Meta is working on developing tools to identify images synthetically produced by generative AI systems at scale across its social media platforms, such as Facebook, Instagram, and Threads, the company said on Tuesday.
“…we’ve been working with industry partners to align on common technical standards that signal when a piece of content has been created using AI. Being able to detect these signals will make it possible for us to label AI-generated images that users post to Facebook, Instagram and Threads,” Nick Clegg, president of global affairs at Meta, wrote in a blog post.
“We’re building this capability now, and in the coming months we’ll start applying labels in all languages supported by each app,” Clegg added.
The move to label AI-generated images from companies, such as Google, OpenAI, Adobe, Shutterstock, and Midjourney, assumes significance as 2024 will see several elections taking place in several countries including the US, the EU, India, and South Africa.
This year will also see Meta learning more about how users are creating, and sharing AI-generated content and what kind of transparency netizens are finding valuable, the Clegg said.
Clegg’s statement about elections rings in a reminder of the Cambridge Analytica scandal, unearthed by the New York Times and The Observer back in 2018, that saw Facebook data of at least 50 million users being compromised.
Last month, ChatGPT-maker OpenAI suspended two developers who created a bot mimicking Democratic presidential hopeful Congressman Dean Phillips, marking the company’s first action against the misuse of AI.
No labels for AI-generated audio and video
Meta, according to Clegg, already marks images created by its own AI feature, which includes attaching visible markers and invisible watermarks. These invisible watermarks are embedded within the image’s metadata.
The combination of these watermarks makes it easy for other platforms to identify AI-generated images, Clegg said.
Meta is also working with other companies to develop common standards for identifying AI-generated images through forums like the Partnership on AI (PAI), Clegg added.
However, he also pointed out that while several companies were starting to include signals to help identify generated images, the same policy was not being applied to generated audio and video.
In the absence of identification policies around generated audio and video, Clegg said that Meta was adding a feature for people to disclose when they share AI-generated video or audio so the company can add a label to it.
“We’ll require people to use this disclosure and label tool when they post organic content with a photorealistic video or realistic-sounding audio that was digitally created or altered, and we may apply penalties if they fail to do so,” Clegg wrote in the blog.
More adversarial challenges to come
Meta acknowledged that while the tools and standards being developed are at the cutting edge of what’s possible around labeling generated content, bad actors could still find avenues to strip out invisible markers.

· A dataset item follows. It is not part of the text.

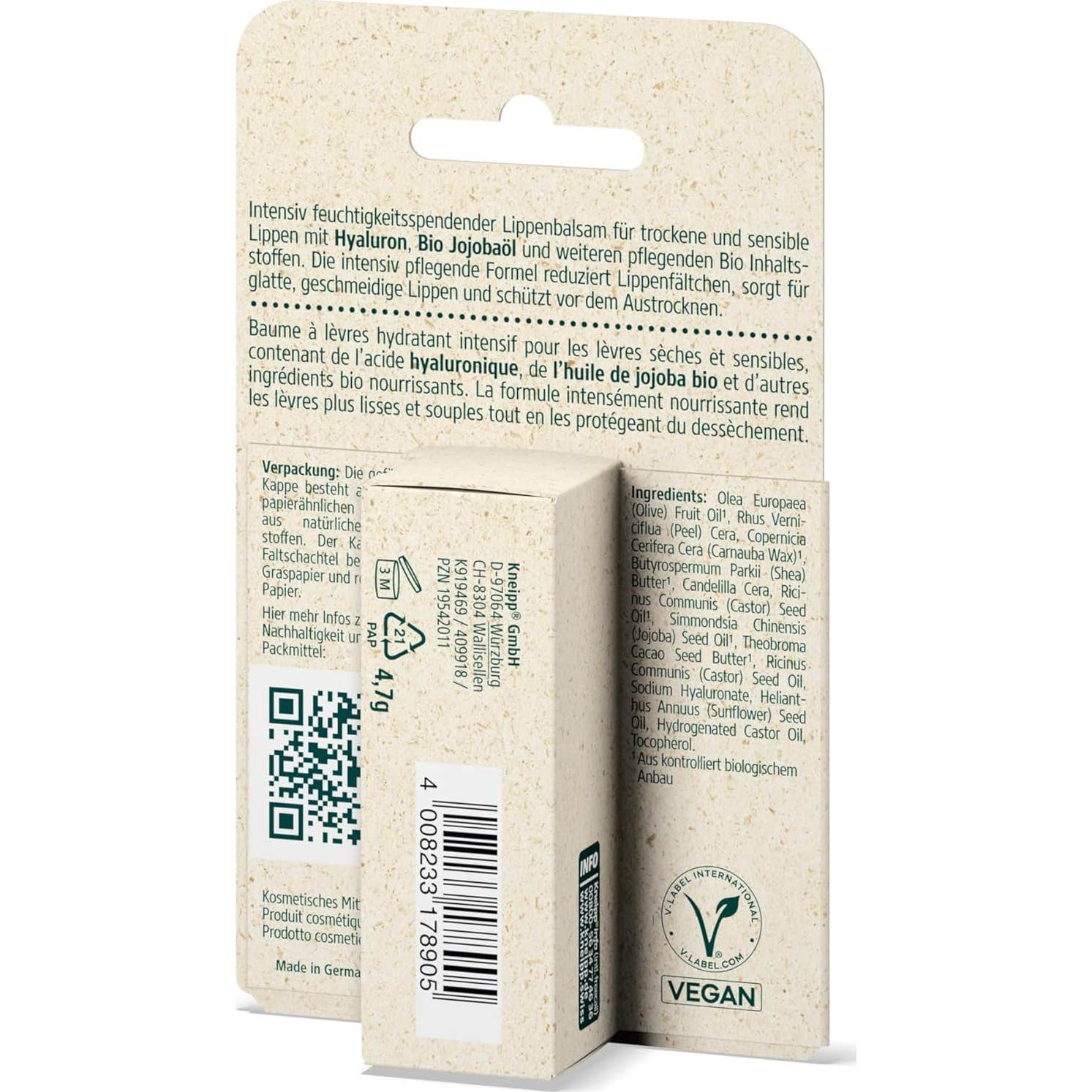 Kneipp Baume à Lèvres Hyaluron 4,7 g pour les lèvres sèches et sensibles offre une hydratation intense pour les lèvres gercées ou déshydratées. Il est indiqué pour les peaux sensibles exposées au froid, au vent ou aux changements climatiques.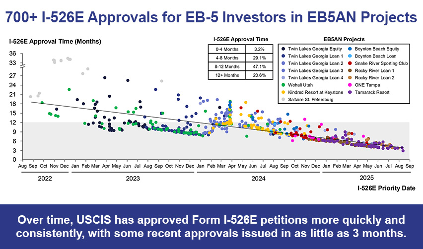 Since the EB-5 Reform and Integrity Act of 2022 (RIA), more than 700 investors in EB5AN’s projects have received I-526E approval. Recently, nearly all of those I-526E approvals have been received in less than one year, with some processed in as few as three months. The priority processing of rural I-526E petitions has played a major role in this outcome. Additionally, these projects have already created over 14,000 EB-5–eligible jobs. Because job creation is a central element of the Form I-829 petition, these investors are well positioned for smooth I-829 approval when it comes time to file.

To stop such bad actors, the company said it was working on developing classifiers that can help the company to automatically detect AI-generated content, even if the content lacks invisible markers.
“At the same time, we’re looking for ways to make it more difficult to remove or alter invisible watermarks. For example, Meta’s AI Research lab FAIR recently shared research on an invisible watermarking technology we’re developing called Stable Signature,” Clegg wrote.
The Stable Signature integrates the watermarking mechanism directly into the image generation process for some types of image generators, which could be valuable for open source models so the watermarking can’t be disabled, the top executive explained.
Historically, the company has used AI systems before to detect and take down hate speech and other content forms that violated its policy.
As of the third quarter of 2023, Meta claims that its AI systems helped reduce the prevalence of hate speech on Facebook to just 0.01-0.02%.
Meta is planning to use generative AI to take down harmful content faster. “We’ve started testing large language models (LLMs) by training them on our ‘Community Standards’ to help determine whether a piece of content violates our policies. These initial tests suggest the LLMs can perform better than existing machine learning models,” Clegg wrote.
These LLMs are also helping the company remove content from review queues in certain circumstances when its reviewers are highly confident it doesn’t violate the company’s policies, Clegg added.